Work order.
Could you restate word for word only the lines below from the one holding "Struiken in bevroren" to the one holding "100-Count GE StayBright", inclusive, and leave out the pictures?

*** Exercise data ***

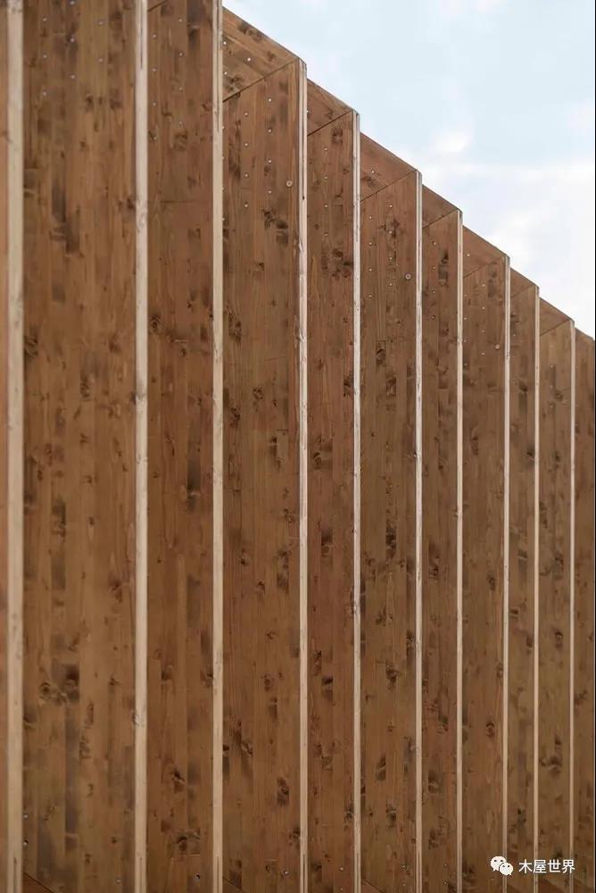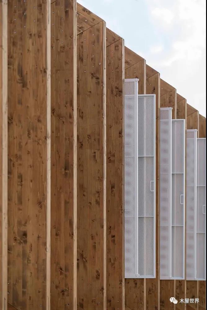 這是一個干燥的工業(yè)化木結(jié)構(gòu),能夠保證質(zhì)量,對于環(huán)境的影響低,但是有著一定的效率、經(jīng)濟效益,以及結(jié)構(gòu)設(shè)計精準(zhǔn)度。與此同時,這種體系便于運輸、調(diào)試、裝卸,為了滿足這些需求,結(jié)構(gòu)、天花板、立面、技術(shù)樓層的綜合網(wǎng)絡(luò)和空調(diào)之間的協(xié)調(diào)必不可少。在建筑內(nèi)部,項目的最后一層覆蓋了與展館中建筑部分相同的完成面。
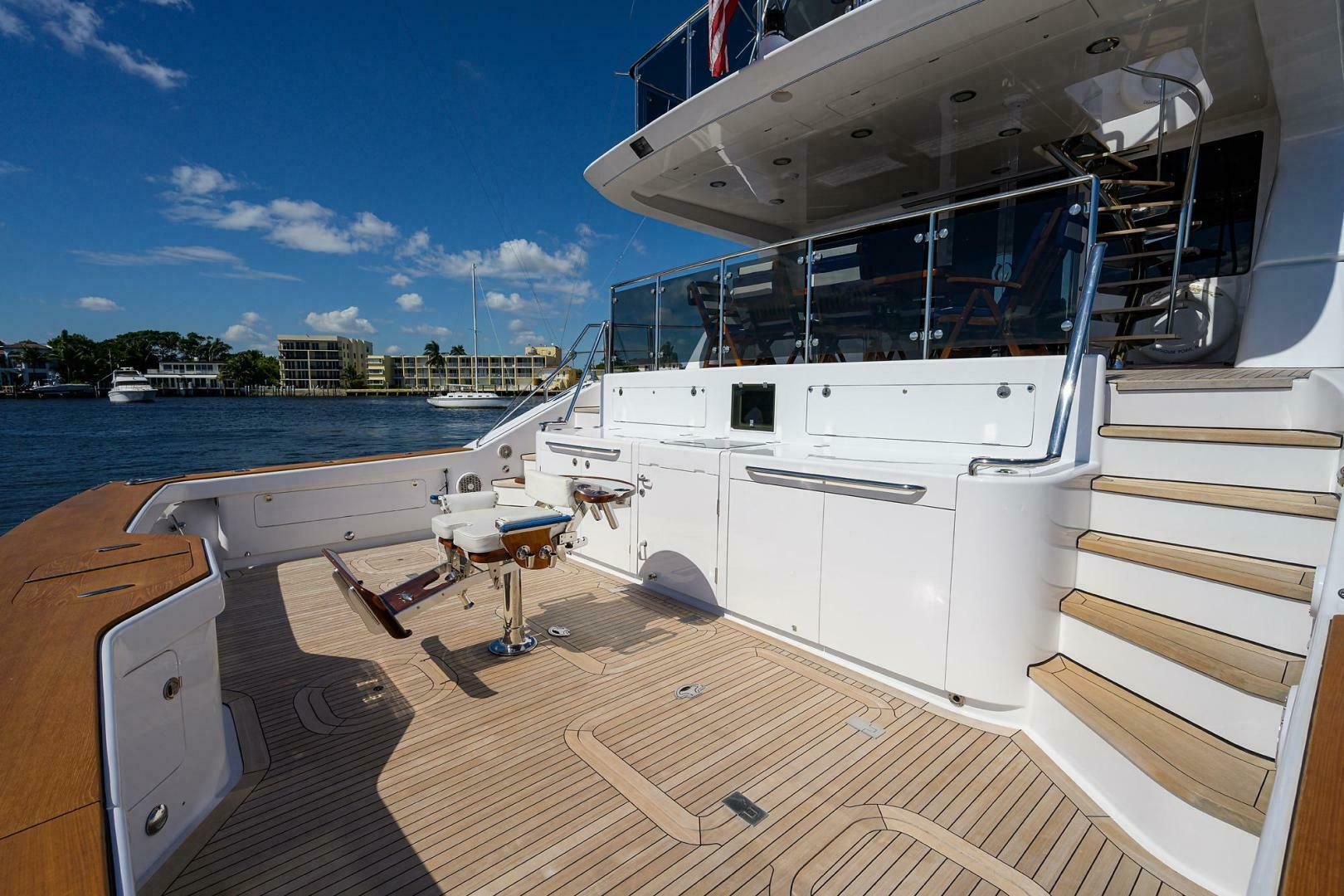 В корму из салона через сдвижную дверь с пневмоприводом — кормовая палуба. Палуба — тик; большой тиковый стол на двойных хромированных стойках с инкрустациями, шесть тиковых стульев с подушками и чехлами. В потолке по левому борту — откидной телевизор. В носовой части по левому борту — большой двухсекционный кастомный холодильник/морозильник Frigibar. По правому борту — изогнутая лестница из нержавейки и тика на кормовую часть флайбриджа. По обоим бортам — калитки для посадки, а также тик-ступени с поручнями из нержавейки вниз в кокпит.
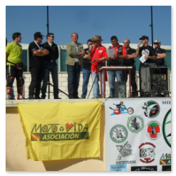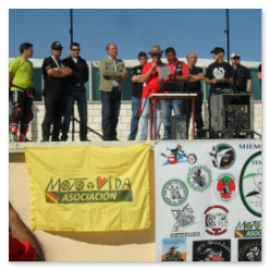 Pepe Pozo fue casi fundador, de los primeros socios, aunque escogió el 13 porque es su número favorito. Desde siempre ha sido muy participativo en todo tipo de actividades y eventos, y un excelente "relaciones públicas", conocido por muchos y querido por más. Gracias a él se nos han abierto puertas y hemos conocido personajes del motor gracias a su estrecha relación con ese mundo desde que era un joven piloto. Del otro lado tenemos a Andre, un belga afincado en España enamorado de lo nuestro, y que tras una asistencia a un Encuentro Moteros & Motoristas se quedó con nosotros. Desde entonces no se ha quedado quieto, promocionando la asociación allá donde ha ido y colaborando activamente cuando se le ha requerido, tomando las riendas de la recién creada web, y hasta hoy en día. Solidario hasta la médula, que por iniciativa propia nos involucró a todos para ser padrinos de Guille. También gracias a él pudimos cambiar de aire y celebrar el Encuentro en Málaga, que junto a su esposa Helena, una maravillosa y entusiasta portuguesa españolizada que le acompañó en todo momento, organizaron los mejores Encuentro Moto y Vida hasta el momento, fruto de la entrega y la pasión de ambos.
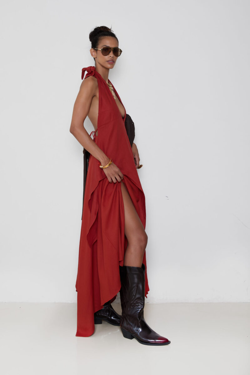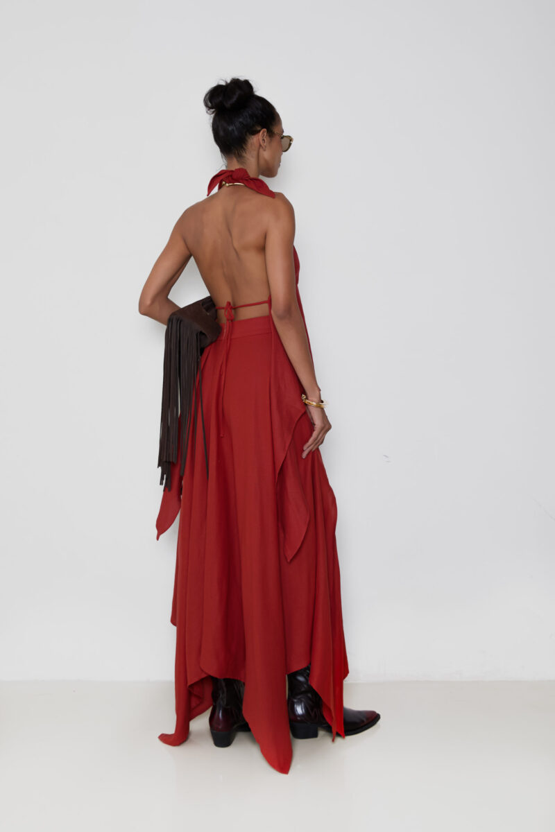 Vestido confeccionado em tecido misto de linho com algodão. Possui modelagem ajustada na parte superior e ampla na parte inferior. Possui comprimento longo, decote aberto nas costas, decote profundo com debate na frente e fechamento por amarração no pescoço.
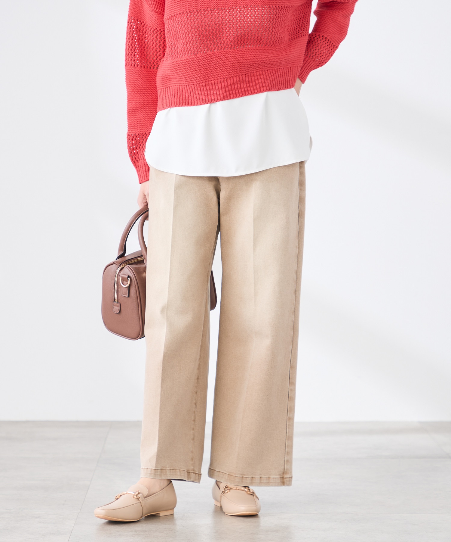 レッドやピンクなどの春色トップスとも相性抜群で、ぐっと華やかなスタイリングに。
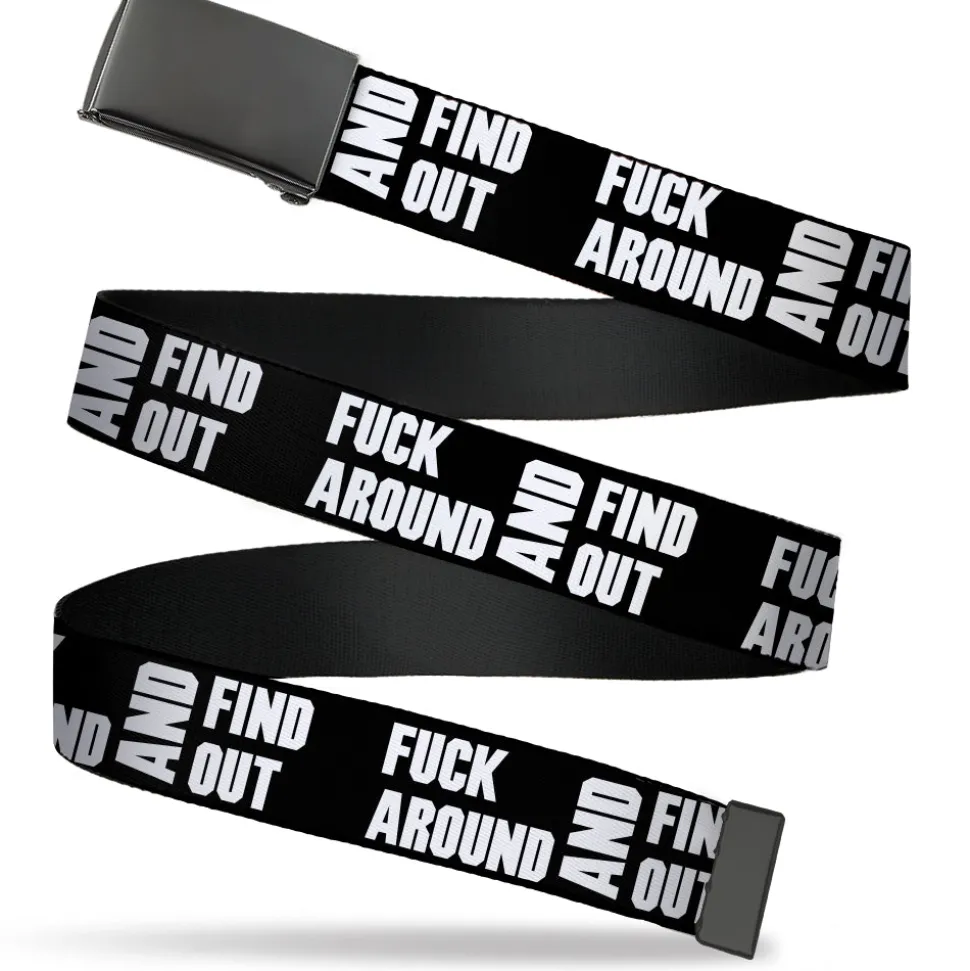 Web Belt Blank Black Buckle – FAFO FUCK AROUND AND FIND OUT Bold Black/White Webbing
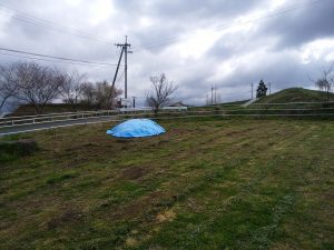 堆肥材料にビニールシート。シートをかけないと雑草だらけになります。
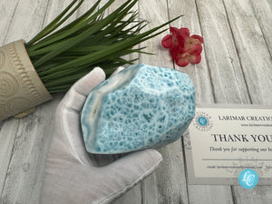 Dive into the serene beauty of the ocean with our Celestial Seascape Larimar Stone. Let this mystical gem be your guide to creative and spiritual exploration. Order now and capture a piece of the ocean's soul!
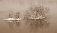 Struiken in bevroren hoog water wat zich tot kleine eilandjes deed vormen.
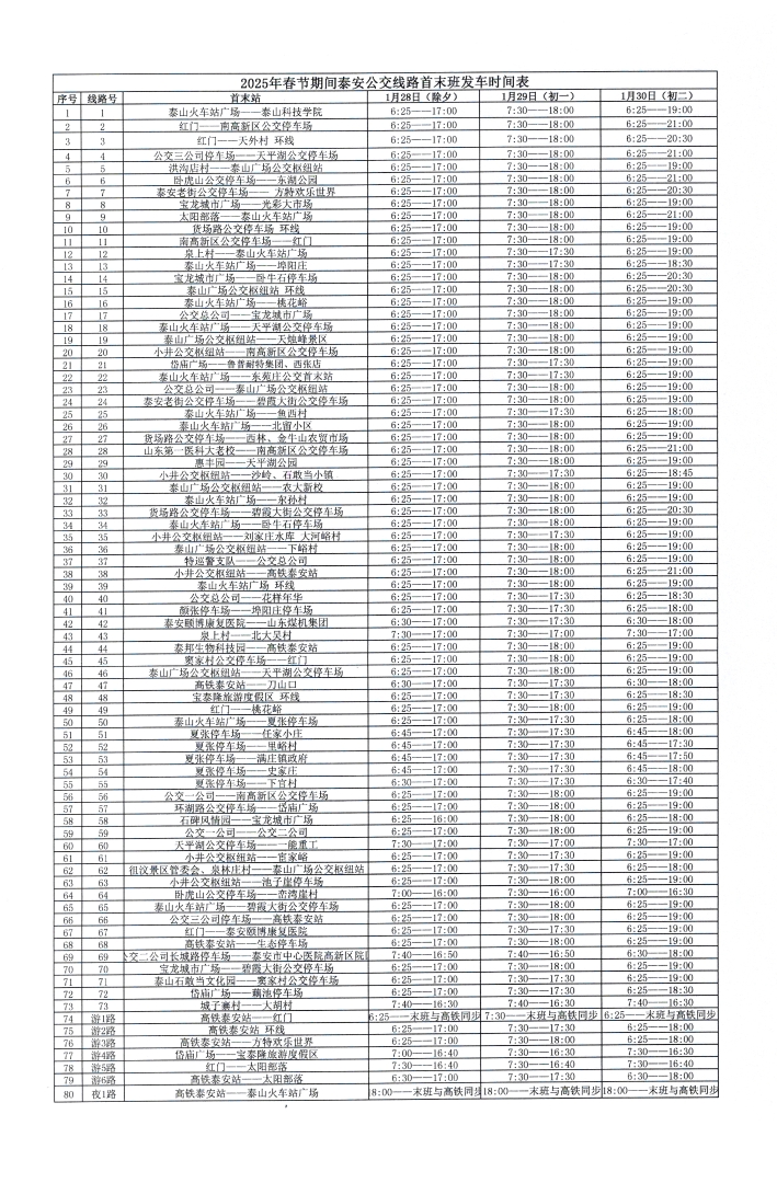 為切實(shí)保障好春節(jié)期間市民出行,泰安市公共交通有限公司結(jié)合市民節(jié)日出行規(guī)律和變化,統(tǒng)籌考慮安排公交線路首末班發(fā)車時(shí)間,1月28日、29日(除夕、初一)將對(duì)所屬營(yíng)運(yùn)線路發(fā)車間隔、首末班時(shí)間等作出調(diào)整(具體情況見附表)。
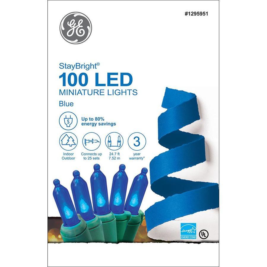 100-Count GE StayBright LED blue miniature Christmas string lights Green cord with 24.7-feet lighted length matches your Christmas decor and illuminates your home's interior or exterior Can connect with up to 25 sets to make decorating your home a breeze Replacement bulbs and fuses included for added convenience ENERGY STAR qualified products help you save money on utility bills without sacrificing performance, style or comfort Available only at ARB265W
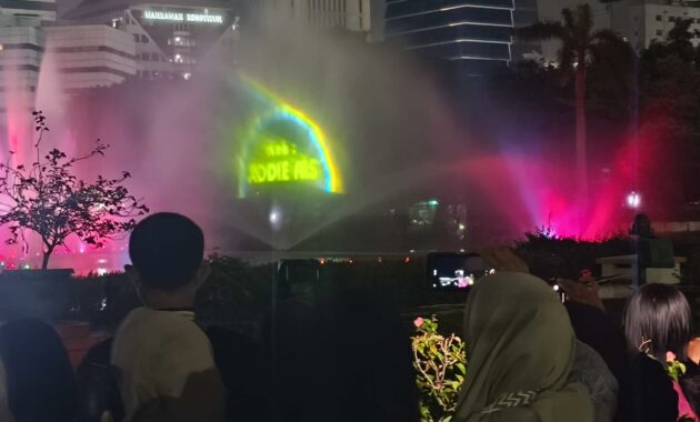 Monumen Nasional (Monas) menyuguhkan atraksi Air Mancur Menari dan Video Mapping sebagai bagian dari rangkaian menyambut pergantian malam Tahun Baru 2026.

*** End of Exercise data ***

Problem solution.
 Struiken in bevroren hoog water wat zich tot kleine eilandjes deed vormen.
 為切實(shí)保障好春節(jié)期間市民出行,泰安市公共交通有限公司結(jié)合市民節(jié)日出行規(guī)律和變化,統(tǒng)籌考慮安排公交線路首末班發(fā)車時(shí)間,1月28日、29日(除夕、初一)將對(duì)所屬營(yíng)運(yùn)線路發(fā)車間隔、首末班時(shí)間等作出調(diào)整(具體情況見附表)。
 100-Count GE StayBright LED blue miniature Christmas string lights Green cord with 24.7-feet lighted length matches your Christmas decor and illuminates your home's interior or exterior Can connect with up to 25 sets to make decorating your home a breeze Replacement bulbs and fuses included for added convenience ENERGY STAR qualified products help you save money on utility bills without sacrificing performance, style or comfort Available only at ARB265W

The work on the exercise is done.